May I have the line containing "Новое, женское платье" and every line after it through the end of the data, repeated exactly and with no other lines?
+---+
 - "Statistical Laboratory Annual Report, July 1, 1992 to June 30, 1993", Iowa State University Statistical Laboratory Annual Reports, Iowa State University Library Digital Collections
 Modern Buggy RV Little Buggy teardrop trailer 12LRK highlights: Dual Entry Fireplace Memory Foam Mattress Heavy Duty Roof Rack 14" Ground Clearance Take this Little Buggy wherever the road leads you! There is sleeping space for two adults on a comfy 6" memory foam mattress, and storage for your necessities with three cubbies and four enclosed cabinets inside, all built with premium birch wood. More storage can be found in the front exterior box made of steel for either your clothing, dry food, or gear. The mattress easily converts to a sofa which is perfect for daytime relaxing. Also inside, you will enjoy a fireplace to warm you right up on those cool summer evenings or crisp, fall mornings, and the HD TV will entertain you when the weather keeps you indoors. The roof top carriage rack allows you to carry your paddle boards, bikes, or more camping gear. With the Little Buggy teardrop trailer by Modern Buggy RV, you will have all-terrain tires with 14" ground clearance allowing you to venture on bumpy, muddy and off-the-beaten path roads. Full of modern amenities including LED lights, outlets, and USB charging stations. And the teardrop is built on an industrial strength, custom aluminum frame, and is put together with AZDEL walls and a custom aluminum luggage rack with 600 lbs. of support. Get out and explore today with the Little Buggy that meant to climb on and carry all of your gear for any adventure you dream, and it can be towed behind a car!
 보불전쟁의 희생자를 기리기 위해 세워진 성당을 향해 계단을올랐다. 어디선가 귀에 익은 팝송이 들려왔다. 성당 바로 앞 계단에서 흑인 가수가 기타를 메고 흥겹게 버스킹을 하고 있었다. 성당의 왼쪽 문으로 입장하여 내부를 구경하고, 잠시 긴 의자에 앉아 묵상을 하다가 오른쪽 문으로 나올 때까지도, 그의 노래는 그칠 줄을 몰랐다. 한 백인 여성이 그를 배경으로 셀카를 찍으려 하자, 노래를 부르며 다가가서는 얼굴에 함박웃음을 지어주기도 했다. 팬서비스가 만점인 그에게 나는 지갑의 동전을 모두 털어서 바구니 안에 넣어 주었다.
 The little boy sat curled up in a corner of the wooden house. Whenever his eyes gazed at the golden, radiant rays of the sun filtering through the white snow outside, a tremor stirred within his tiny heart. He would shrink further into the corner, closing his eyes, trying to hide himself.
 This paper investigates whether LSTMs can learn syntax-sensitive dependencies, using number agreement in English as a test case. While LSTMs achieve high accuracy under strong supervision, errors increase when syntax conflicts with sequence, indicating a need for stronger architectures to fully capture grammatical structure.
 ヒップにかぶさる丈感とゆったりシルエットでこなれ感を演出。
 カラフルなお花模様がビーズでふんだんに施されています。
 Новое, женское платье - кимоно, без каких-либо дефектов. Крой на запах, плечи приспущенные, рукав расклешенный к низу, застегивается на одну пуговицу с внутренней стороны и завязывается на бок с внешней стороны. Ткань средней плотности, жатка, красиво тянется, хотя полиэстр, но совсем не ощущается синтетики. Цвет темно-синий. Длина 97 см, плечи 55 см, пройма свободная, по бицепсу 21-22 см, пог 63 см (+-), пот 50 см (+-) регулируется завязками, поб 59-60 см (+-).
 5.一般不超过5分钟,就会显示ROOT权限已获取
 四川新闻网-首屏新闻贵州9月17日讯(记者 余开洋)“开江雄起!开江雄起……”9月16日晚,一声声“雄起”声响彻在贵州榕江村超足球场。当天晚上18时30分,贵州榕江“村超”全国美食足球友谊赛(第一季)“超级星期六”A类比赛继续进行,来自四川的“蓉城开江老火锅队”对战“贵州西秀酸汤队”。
+---+
> _Response to this exercise_
 Новое, женское платье - кимоно, без каких-либо дефектов. Крой на запах, плечи приспущенные, рукав расклешенный к низу, застегивается на одну пуговицу с внутренней стороны и завязывается на бок с внешней стороны. Ткань средней плотности, жатка, красиво тянется, хотя полиэстр, но совсем не ощущается синтетики. Цвет темно-синий. Длина 97 см, плечи 55 см, пройма свободная, по бицепсу 21-22 см, пог 63 см (+-), пот 50 см (+-) регулируется завязками, поб 59-60 см (+-).
 5.一般不超过5分钟,就会显示ROOT权限已获取
 四川新闻网-首屏新闻贵州9月17日讯(记者 余开洋)“开江雄起!开江雄起……”9月16日晚,一声声“雄起”声响彻在贵州榕江村超足球场。当天晚上18时30分,贵州榕江“村超”全国美食足球友谊赛(第一季)“超级星期六”A类比赛继续进行,来自四川的“蓉城开江老火锅队”对战“贵州西秀酸汤队”。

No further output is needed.